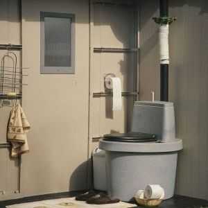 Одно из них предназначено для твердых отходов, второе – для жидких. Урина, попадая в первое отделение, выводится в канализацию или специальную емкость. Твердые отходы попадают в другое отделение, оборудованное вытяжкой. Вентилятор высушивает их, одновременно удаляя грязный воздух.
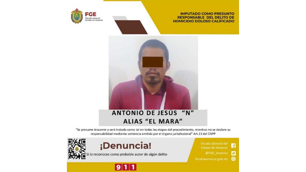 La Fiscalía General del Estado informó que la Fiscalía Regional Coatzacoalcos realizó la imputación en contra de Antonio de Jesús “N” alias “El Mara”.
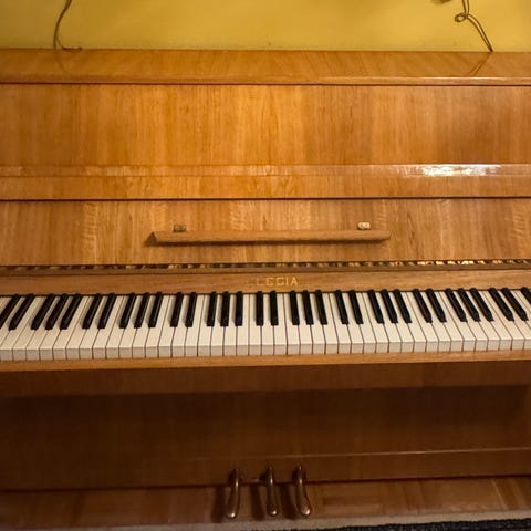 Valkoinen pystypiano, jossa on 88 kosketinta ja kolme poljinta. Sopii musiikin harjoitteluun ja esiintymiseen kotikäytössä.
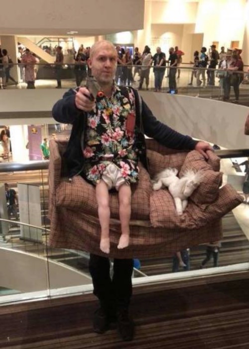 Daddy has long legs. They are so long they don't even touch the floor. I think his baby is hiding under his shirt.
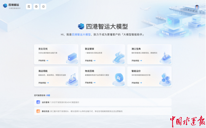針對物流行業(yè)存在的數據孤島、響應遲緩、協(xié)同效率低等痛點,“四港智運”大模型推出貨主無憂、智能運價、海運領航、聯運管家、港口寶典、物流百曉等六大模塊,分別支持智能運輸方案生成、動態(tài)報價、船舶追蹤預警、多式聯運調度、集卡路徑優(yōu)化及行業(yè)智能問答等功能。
* * *
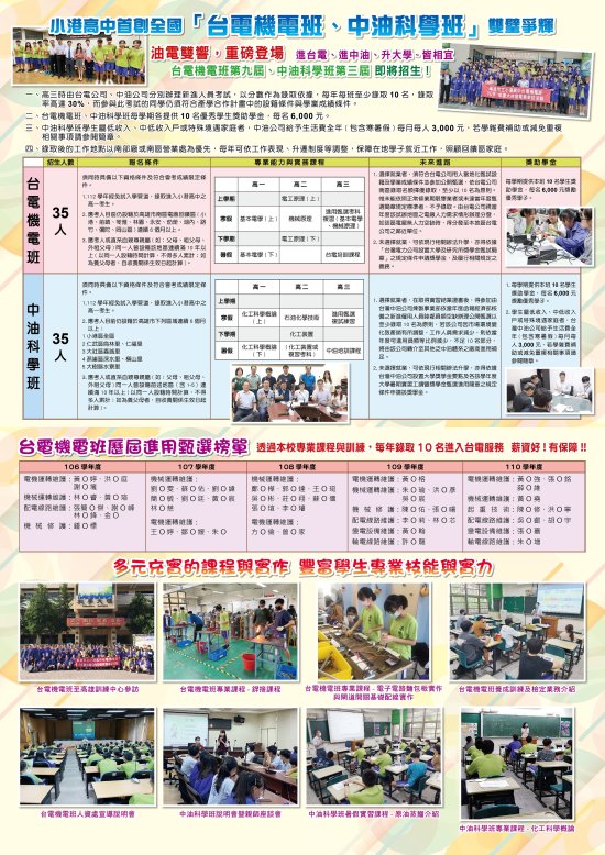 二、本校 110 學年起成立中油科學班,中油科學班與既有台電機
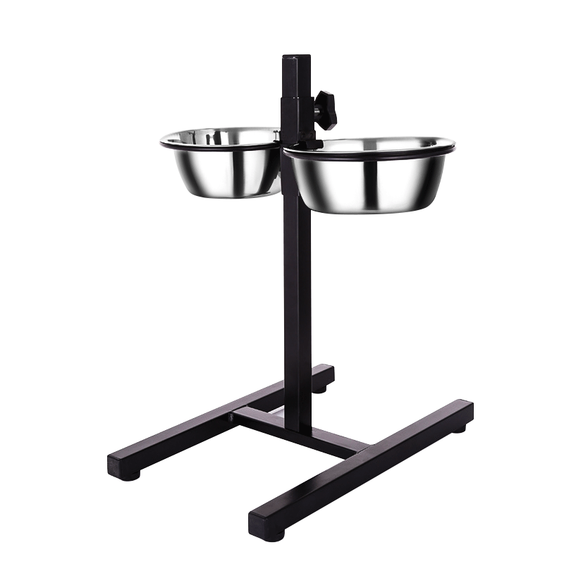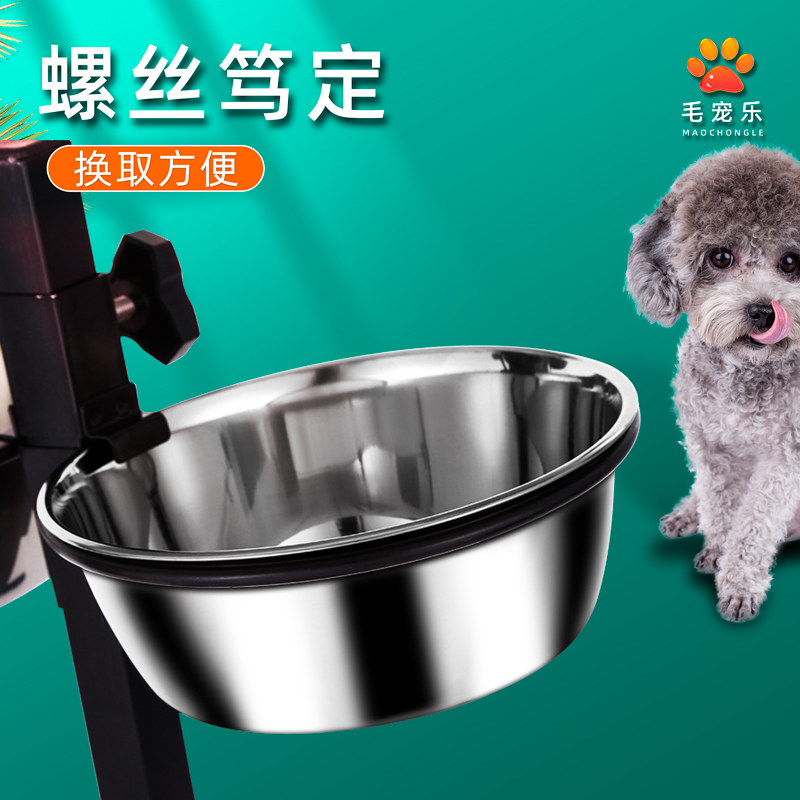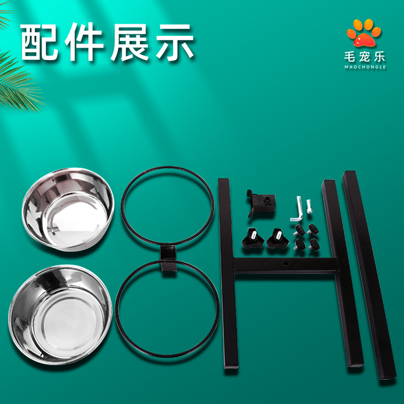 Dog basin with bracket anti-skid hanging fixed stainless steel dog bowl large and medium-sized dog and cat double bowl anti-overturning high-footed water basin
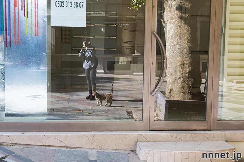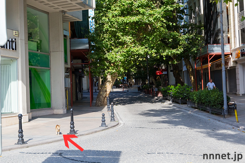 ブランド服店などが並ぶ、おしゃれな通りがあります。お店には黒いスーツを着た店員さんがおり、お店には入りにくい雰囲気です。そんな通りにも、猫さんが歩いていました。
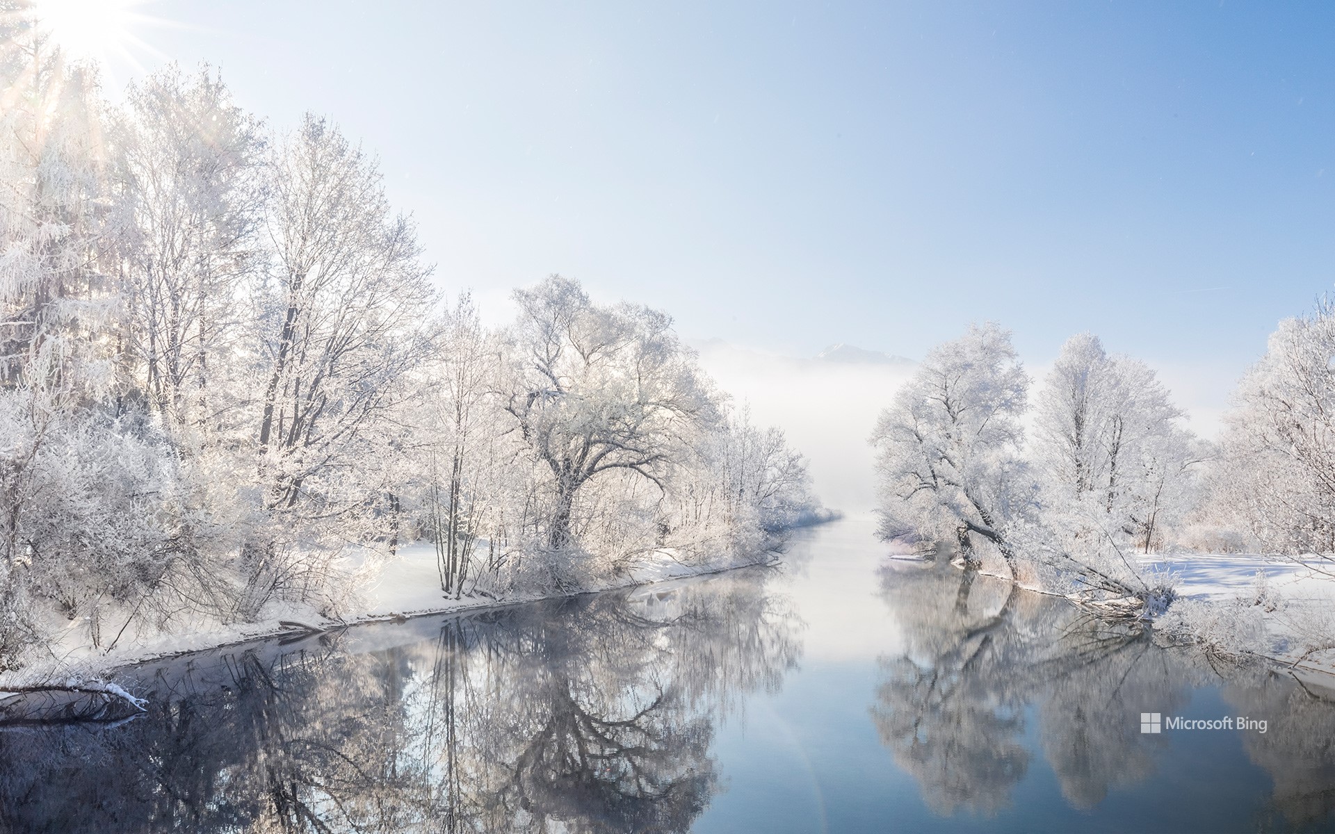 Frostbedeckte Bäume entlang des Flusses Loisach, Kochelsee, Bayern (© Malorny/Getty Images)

## What the task asks:
Write out word for word the lines above that run from the one with "Одно из них" to the one with "Daddy has long". Include both end lines; exclude the images.

## Written answer:
 Одно из них предназначено для твердых отходов, второе – для жидких. Урина, попадая в первое отделение, выводится в канализацию или специальную емкость. Твердые отходы попадают в другое отделение, оборудованное вытяжкой. Вентилятор высушивает их, одновременно удаляя грязный воздух.
 La Fiscalía General del Estado informó que la Fiscalía Regional Coatzacoalcos realizó la imputación en contra de Antonio de Jesús “N” alias “El Mara”.
 Valkoinen pystypiano, jossa on 88 kosketinta ja kolme poljinta. Sopii musiikin harjoitteluun ja esiintymiseen kotikäytössä.
 Daddy has long legs. They are so long they don't even touch the floor. I think his baby is hiding under his shirt.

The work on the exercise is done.